L’ouverture des musées sept jours sur sept créé la polémique
MUSEE•Le Louvre, le musée d’Orsay et le château de Versailles vont inaugurer l’expérimentation de l’accueil du public toute la semaine...Benjamin Chapon
Passée relativement inaperçue au milieu de la communication du budget de l’Etat pour 2015, l’annonce de l’ouverture, sept jours sur sept, des musées du Louvre d’Orsay et du château de Versailles fait débat depuis plusieurs mois.

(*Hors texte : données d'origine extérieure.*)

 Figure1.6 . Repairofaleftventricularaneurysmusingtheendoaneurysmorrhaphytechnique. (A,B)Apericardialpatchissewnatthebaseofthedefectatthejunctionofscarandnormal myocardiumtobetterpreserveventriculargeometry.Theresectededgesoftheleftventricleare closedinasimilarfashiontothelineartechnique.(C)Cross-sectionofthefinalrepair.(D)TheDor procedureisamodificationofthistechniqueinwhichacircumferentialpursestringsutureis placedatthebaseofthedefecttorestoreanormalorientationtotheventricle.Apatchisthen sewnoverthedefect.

Fleur Pellerin, ministre de la Culture, a annoncé que cette réforme ne se ferait pas avant trois ans, le temps de mener des «concertations avec l’ensemble des partenaires» et des «études d’impact sur l’affluence et sur les recettes.» Mais en coulisses, la controverse est déjà violente.
L’exemple étranger
Pour justifier cette réforme, ses défenseurs rappellent que plusieurs grands musées anglo-saxons, de Londres à New York et Berlin, et certains musées espagnols, ouvrent déjà sept jours sur sept. Certains d’entre eux sont également gratuits (voir encadré).

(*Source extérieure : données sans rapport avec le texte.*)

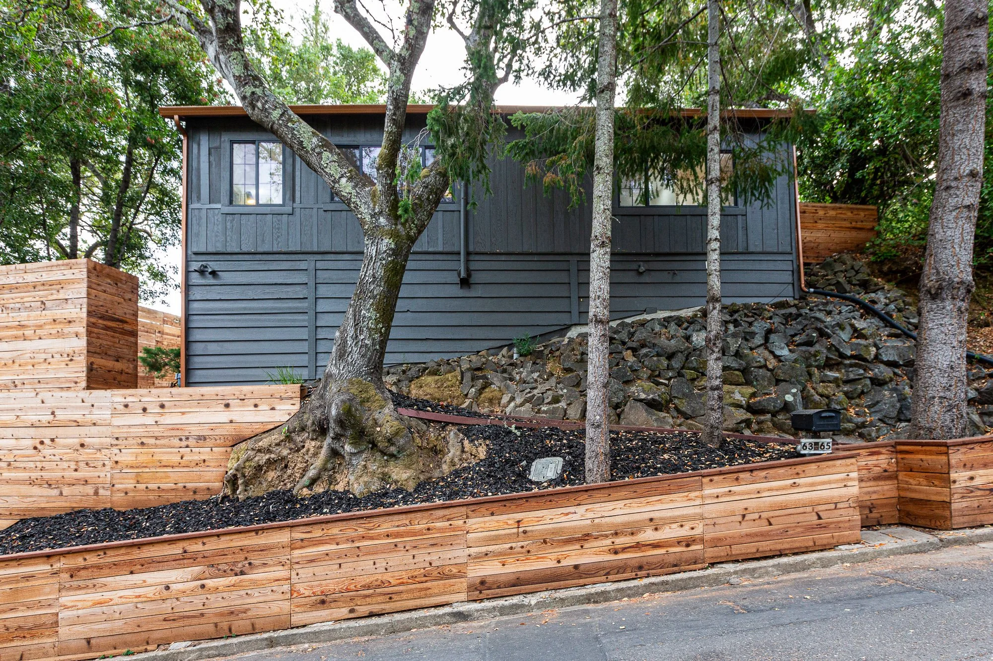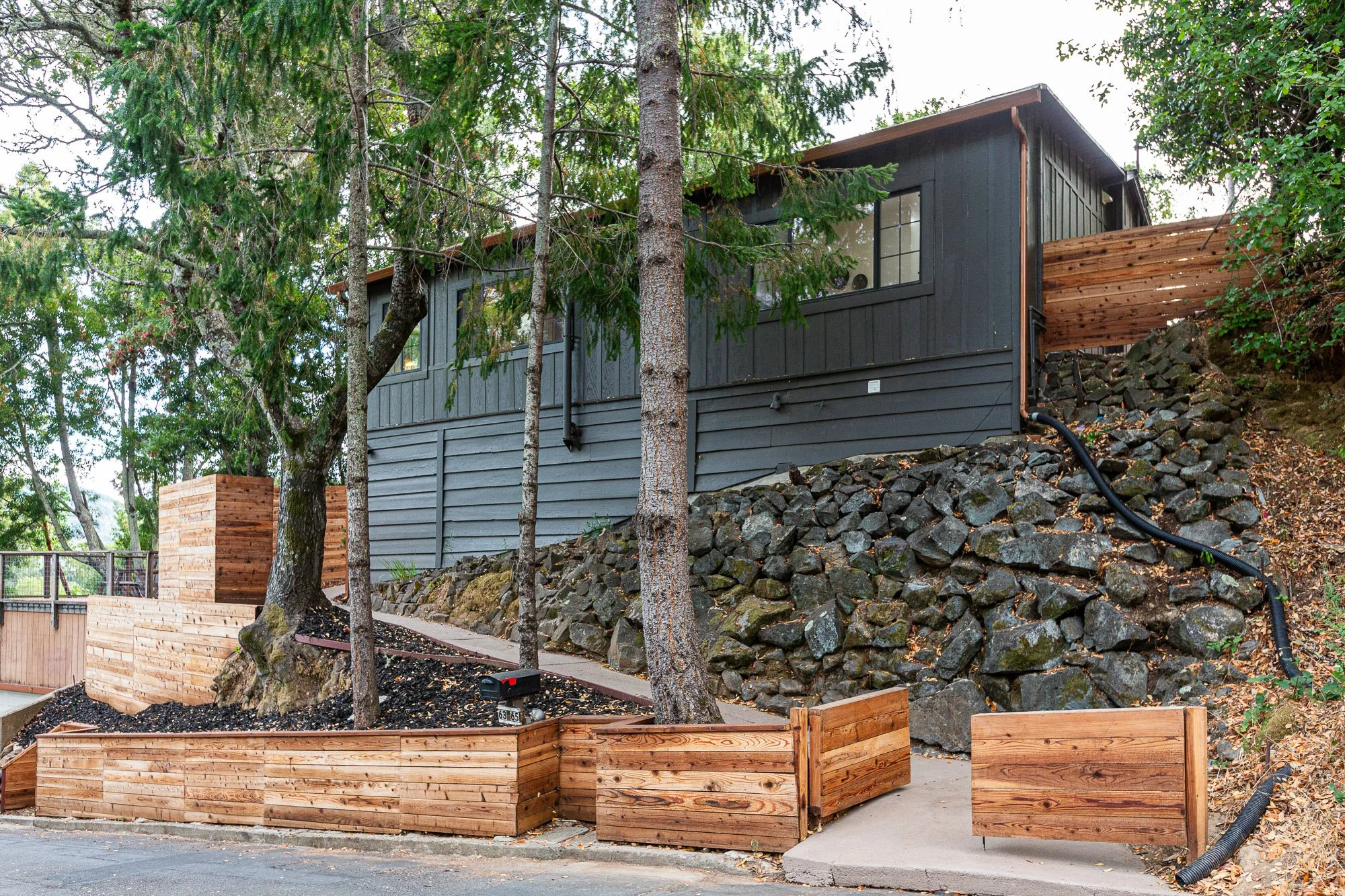 A house with dark gray siding surrounded by trees and wooden retaining walls, situated on a rocky hillside with a paved street in front.

L’ouverture sept jours sur sept fait partie d’une réflexion générale sur un meilleur accueil du public et un confort accru de la visite des musées. Les trois établissements sélectionnés frôlant la saturation. Or, les anti 7/7 craignent que cette réforme horaire n’améliore en rien les visites. Bien au contraire.
Ouvrir pour mieux fermer
«La difficulté majeure est le nettoyage des salles, reconnaît Anna Saunders, en charge de la logistique au British Museum. Nous fermons certaines salles au cours de la journée pour quelques heures.» Des salles sont également fermées, en cours de journées, pour permettre aux conservateurs le travail sur des œuvres, qu’il s’agisse de mouvements d’œuvres (prêts, restaurations, études…) ou d’études sur place.

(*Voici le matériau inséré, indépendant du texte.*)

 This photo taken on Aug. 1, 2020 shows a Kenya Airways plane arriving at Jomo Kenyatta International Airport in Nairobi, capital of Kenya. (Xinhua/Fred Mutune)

Pour réaliser l’ampleur des travaux réalisés les jours de fermeture, il suffit de taper le mot-dièse #jourdefermeture sur Twitter où de nombreux musées, de toutes tailles, postent des images des agents au travail.
Le secret de la pyramide
Henri Loyrette, qui a largement développé l’activité de mécénat quand il était président du musée de Louvre, a rappelé que le mardi, jour de fermeture, était devenu le jour d’accueil des grands mécènes. Quasiment chaque mardi soir, la pyramide du Louvre est par ailleurs louée à prix d’or pour des événements privés.
Pour continuer d’assurer ce service payant essentiel à son économie, le Louvre devra fermer plus tôt. Un responsable au musée d’Orsay note d’ailleurs que pour des questions de gestions des ressources humaines, l’ouverture sept jours sur sept aura pour conséquence de faire fermer les musées plus tôt.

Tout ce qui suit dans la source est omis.